We are ready to run the new file!

- To check that the model is loaded correctly, we need to start MLflow in the directory ```web-service-mlflow/```, where we saved all artifacts.

```
(mlops-zoomcamp) $ mlflow server --backend-store-uri sqlite:///backend.db --default-artifact-root ./artifacts_local
```
We can now run again:
```
$ python score.py green 2021 2 068bda10a3ed4b73a771df771161f60a
```
we get the output file ```green_2021-01.parquet``` stored in ```batch-prefect/output/```. We can also see the logs in Prefect:

![title](images/prefect1.png)

### 4.6.3 Create Prefect Project & deployment

In order to proceed with the deployment, we will use Prefect Projects to manage and maintain our different deployments. By using Projects we add another layer of abstraction (group different deployments together). To initialize a Project within ```batch-prefect/```:

```(mlops-zoomcamp) $ prefect project init```

which will create different ```.yaml``` files within the directory to set the project up and running. 
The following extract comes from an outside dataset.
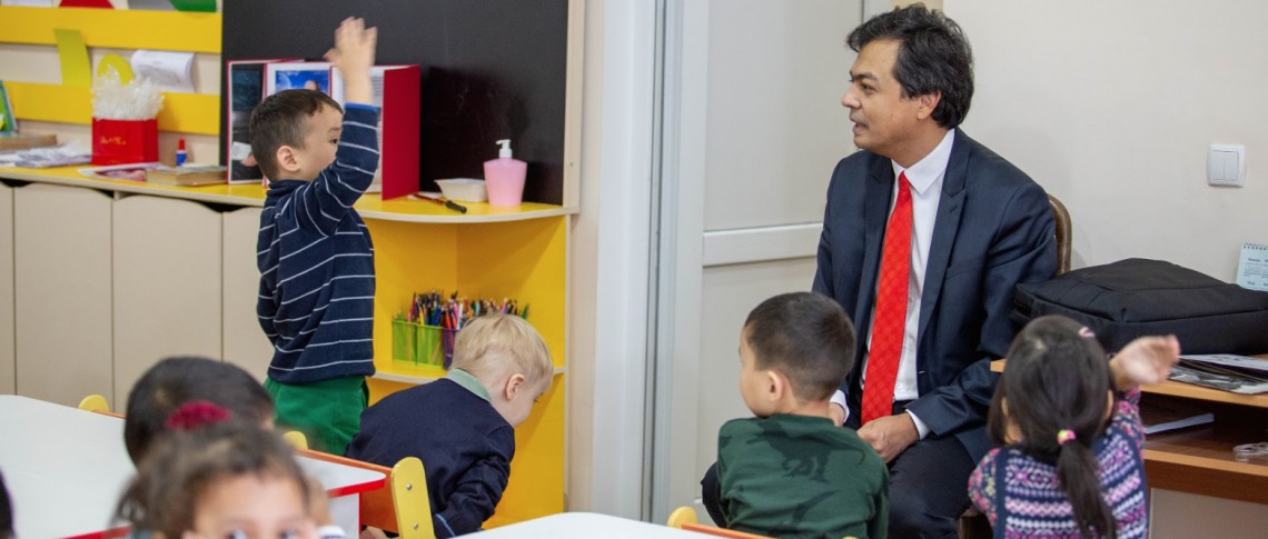 The Vice-President of the university met babies in the morning after they had a breakfast. Mr.Shamshiev told about the hard childhood of Chingiz Aitmatov, how this period of life was reflected in the writer's work and about the rules of life of our great compatriot. Also, AUCA Vice-President showed children photos from the personal archive - Shamshiev's parents were friends with Chingiz Aitmatov and named their son after the national writer.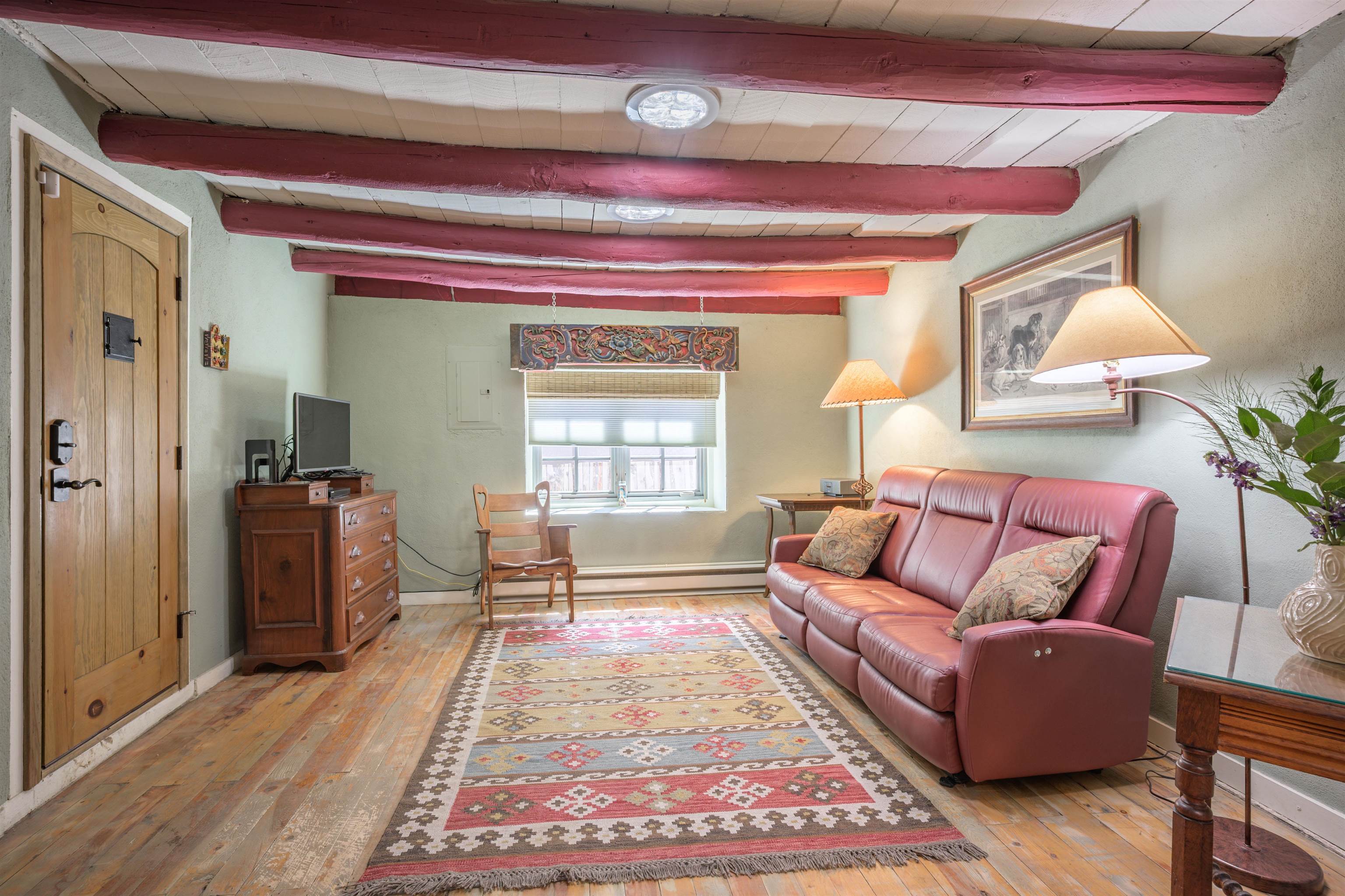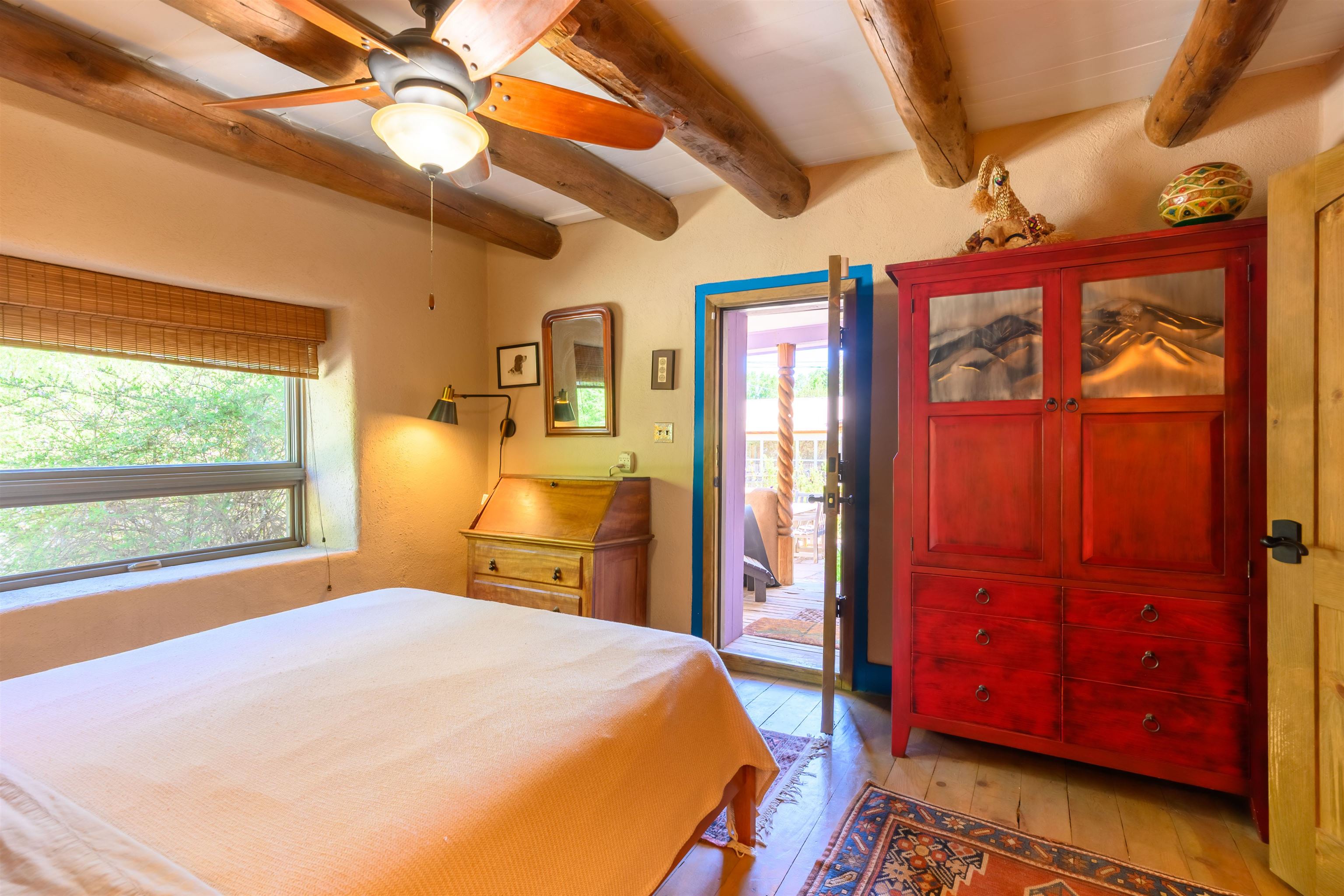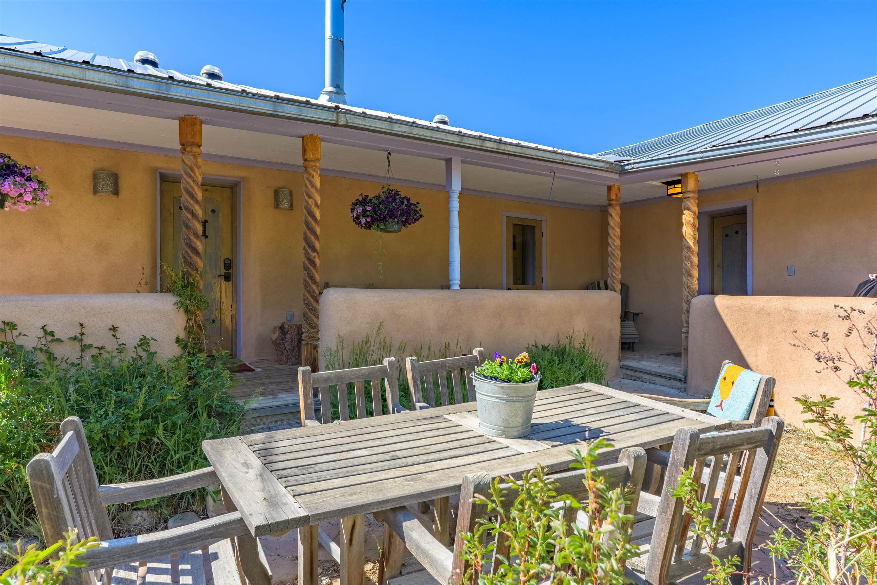 Come feel the historic vibe in this cute territorial, said to have its original room built in the late 1800's. Thick walls of adobe, graced with new quality Sierra Pacific windows and doors, emtek hardware and loads of charm! Lots of porches and portals to enjoy summer sunsets and sunrises. There is also a brand new attached full guest house that can be used as a rental, long or short term, or for an extended family need. This portion of the house has a private bedroom, large artist loft with a great view of the mountain and a bonus sunroom that could also sleep additional guests. Fully set up with high end appliances and fixtures, all brand new! An agricultural well and water rights help with any landscape or gardening dreams you might have. Come take a look at how a blended, historic and new territorial can compliment and serve your needs.

1. We can now create a work pool in the Prefect UI. We name it ```local-work```

2. We get the desired flow (```score.py:ride_duration_prediction```) deployed by running:

```
(mlops-zoomcamp) $ prefect deploy score.py:ride_duration_prediction -n my-first-deployment -p local-work
```

We can see now the new deployment in Prefect UI:

![title](images/prefect2.png)

### 4.6.4 Running deployment

1. To execute flow runs from the deployment set up in 4.6.3, start a worker that pulls work from 
the ```local-work``` work pool

```
(mlops-zoomcamp) $ prefect worker start --pool local-work
```

2. Now we can go to the deployment and launch a quick run. A window will pop up asking for the input parameters:

![title](images/prefect3.png)

**Important**: Make sure that the data you are using is uploaded to your GitHub repo, otherwise it will not find the files and raise an error.